_Task requirements_
What you return should match the material below line for line, except that no image appears in it.

_Data extract_
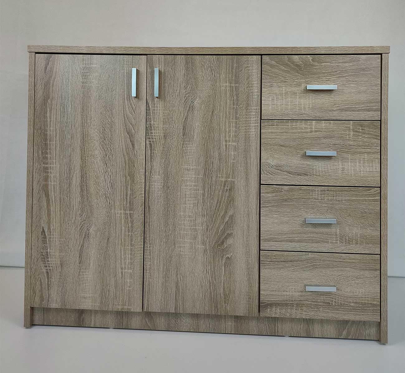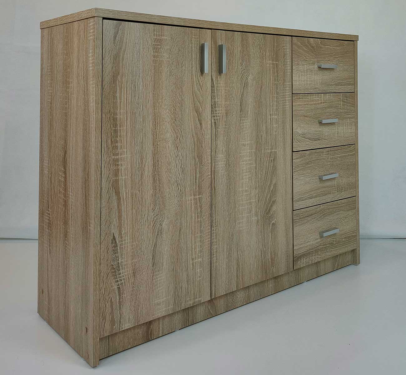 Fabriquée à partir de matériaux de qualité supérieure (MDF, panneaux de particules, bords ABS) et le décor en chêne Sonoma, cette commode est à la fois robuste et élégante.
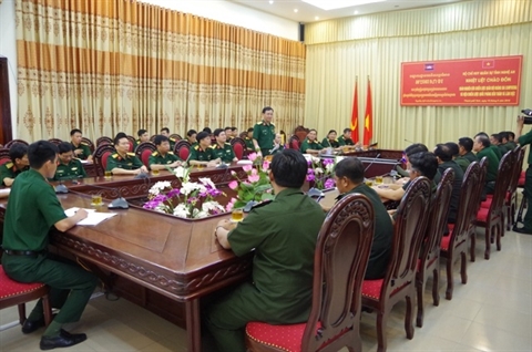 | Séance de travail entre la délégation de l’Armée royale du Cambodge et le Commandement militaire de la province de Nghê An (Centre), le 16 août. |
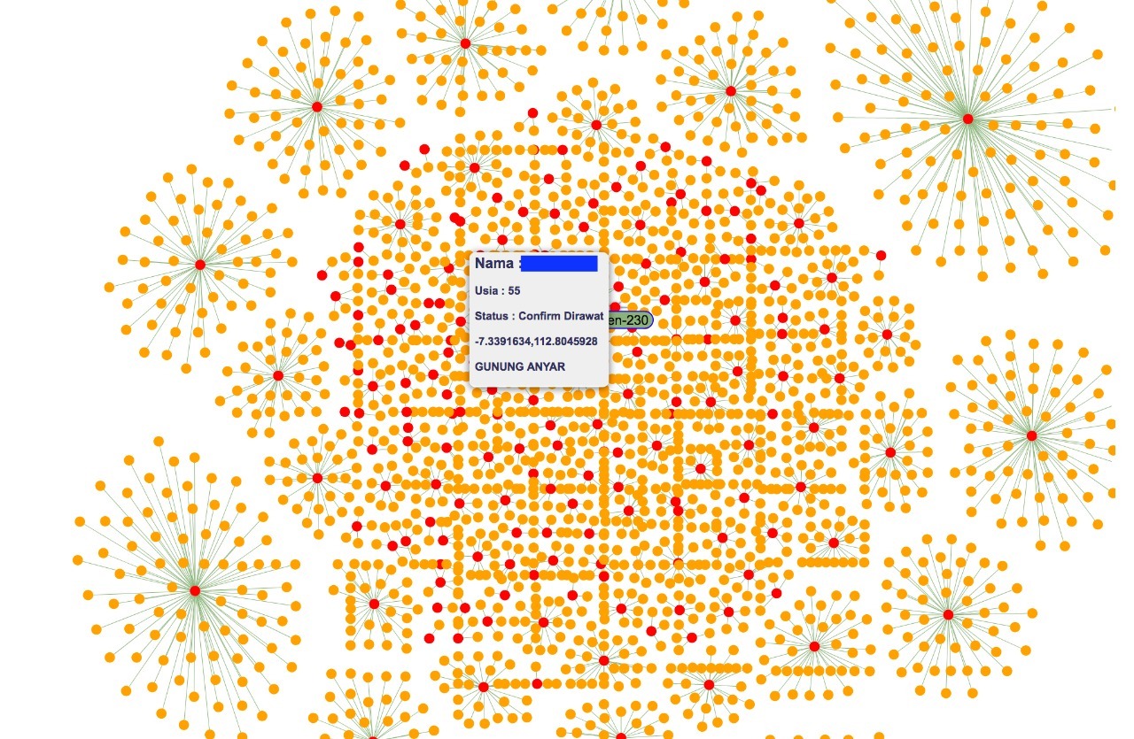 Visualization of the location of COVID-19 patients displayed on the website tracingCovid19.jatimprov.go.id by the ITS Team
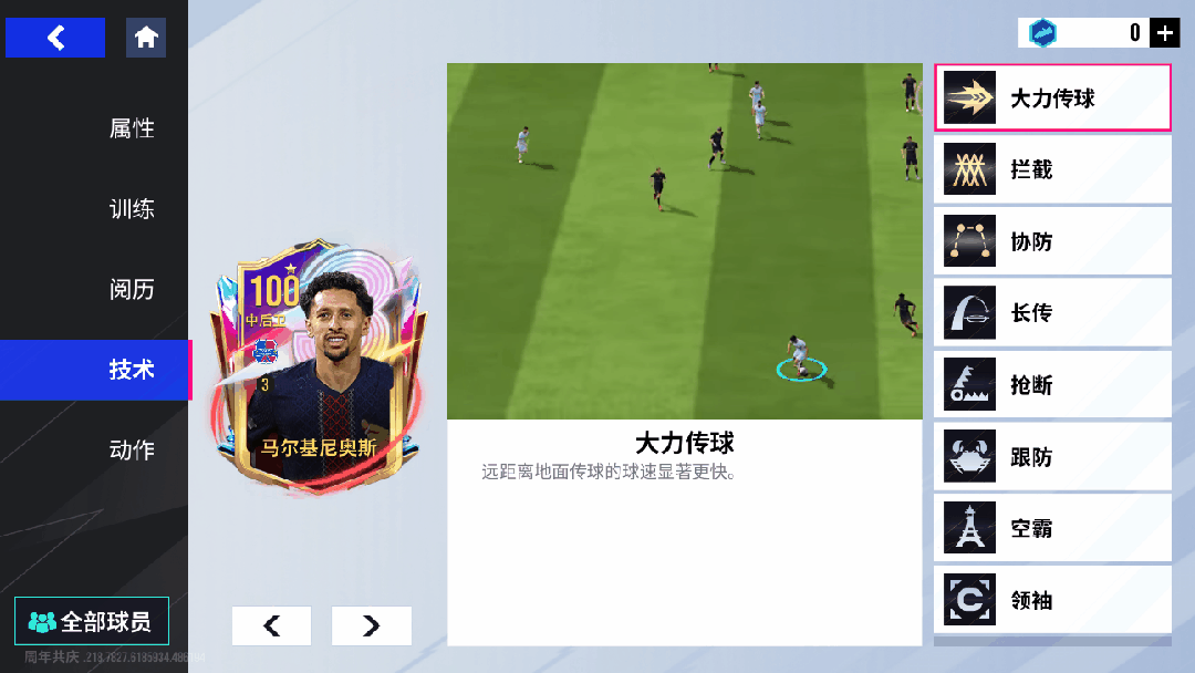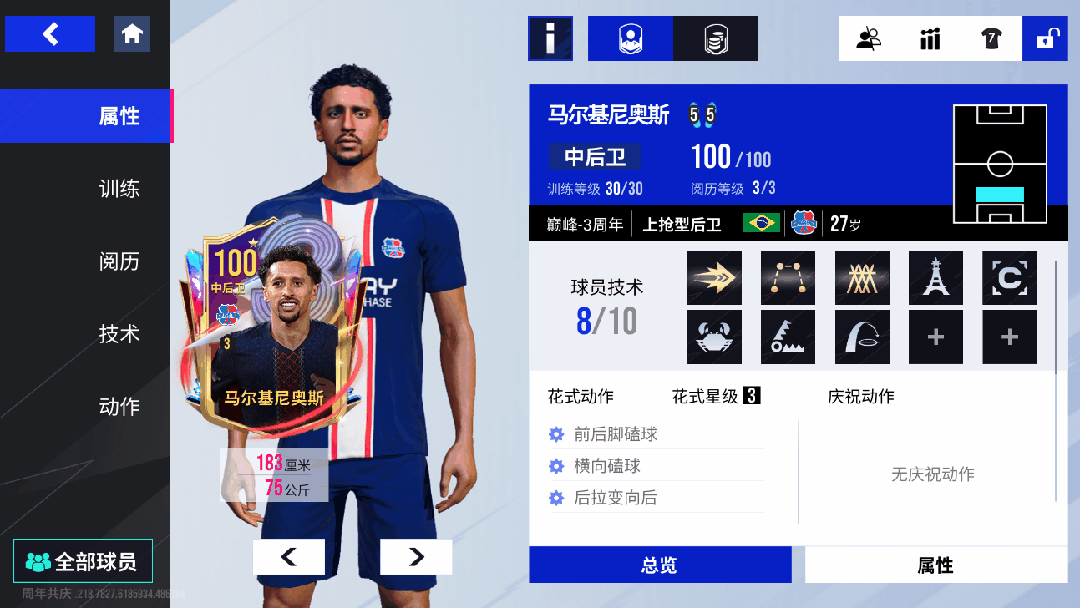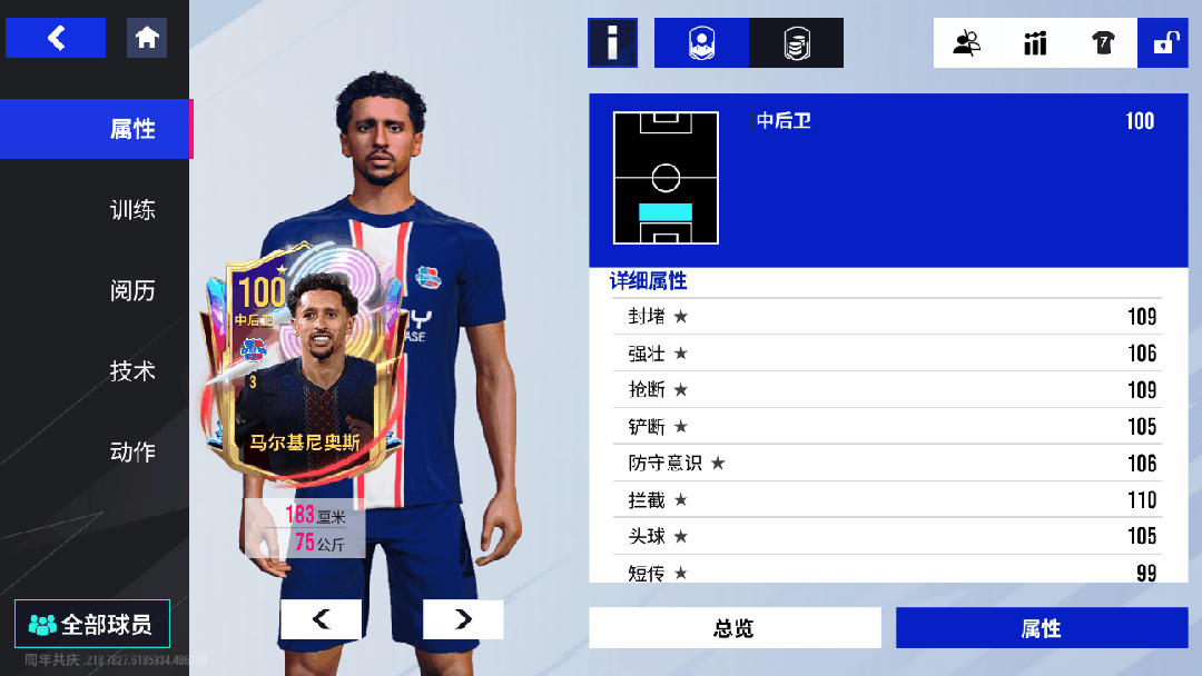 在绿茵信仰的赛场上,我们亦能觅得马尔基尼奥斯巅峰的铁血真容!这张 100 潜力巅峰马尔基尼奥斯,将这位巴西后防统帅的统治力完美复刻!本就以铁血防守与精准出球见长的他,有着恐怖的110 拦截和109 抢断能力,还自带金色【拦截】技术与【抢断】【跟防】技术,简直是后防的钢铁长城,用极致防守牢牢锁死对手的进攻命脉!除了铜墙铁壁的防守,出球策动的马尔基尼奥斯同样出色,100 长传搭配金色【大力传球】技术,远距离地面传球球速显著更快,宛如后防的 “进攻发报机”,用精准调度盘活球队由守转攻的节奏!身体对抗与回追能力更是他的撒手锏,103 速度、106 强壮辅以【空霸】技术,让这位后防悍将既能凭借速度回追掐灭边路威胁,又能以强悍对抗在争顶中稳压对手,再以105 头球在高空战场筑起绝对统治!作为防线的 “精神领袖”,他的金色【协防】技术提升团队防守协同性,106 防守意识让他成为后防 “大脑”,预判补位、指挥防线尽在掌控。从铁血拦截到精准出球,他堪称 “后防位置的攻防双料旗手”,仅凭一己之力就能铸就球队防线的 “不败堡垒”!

_Output of the task_
 Fabriquée à partir de matériaux de qualité supérieure (MDF, panneaux de particules, bords ABS) et le décor en chêne Sonoma, cette commode est à la fois robuste et élégante.
 | Séance de travail entre la délégation de l’Armée royale du Cambodge et le Commandement militaire de la province de Nghê An (Centre), le 16 août. |
 Visualization of the location of COVID-19 patients displayed on the website tracingCovid19.jatimprov.go.id by the ITS Team
 在绿茵信仰的赛场上,我们亦能觅得马尔基尼奥斯巅峰的铁血真容!这张 100 潜力巅峰马尔基尼奥斯,将这位巴西后防统帅的统治力完美复刻!本就以铁血防守与精准出球见长的他,有着恐怖的110 拦截和109 抢断能力,还自带金色【拦截】技术与【抢断】【跟防】技术,简直是后防的钢铁长城,用极致防守牢牢锁死对手的进攻命脉!除了铜墙铁壁的防守,出球策动的马尔基尼奥斯同样出色,100 长传搭配金色【大力传球】技术,远距离地面传球球速显著更快,宛如后防的 “进攻发报机”,用精准调度盘活球队由守转攻的节奏!身体对抗与回追能力更是他的撒手锏,103 速度、106 强壮辅以【空霸】技术,让这位后防悍将既能凭借速度回追掐灭边路威胁,又能以强悍对抗在争顶中稳压对手,再以105 头球在高空战场筑起绝对统治!作为防线的 “精神领袖”,他的金色【协防】技术提升团队防守协同性,106 防守意识让他成为后防 “大脑”,预判补位、指挥防线尽在掌控。从铁血拦截到精准出球,他堪称 “后防位置的攻防双料旗手”,仅凭一己之力就能铸就球队防线的 “不败堡垒”!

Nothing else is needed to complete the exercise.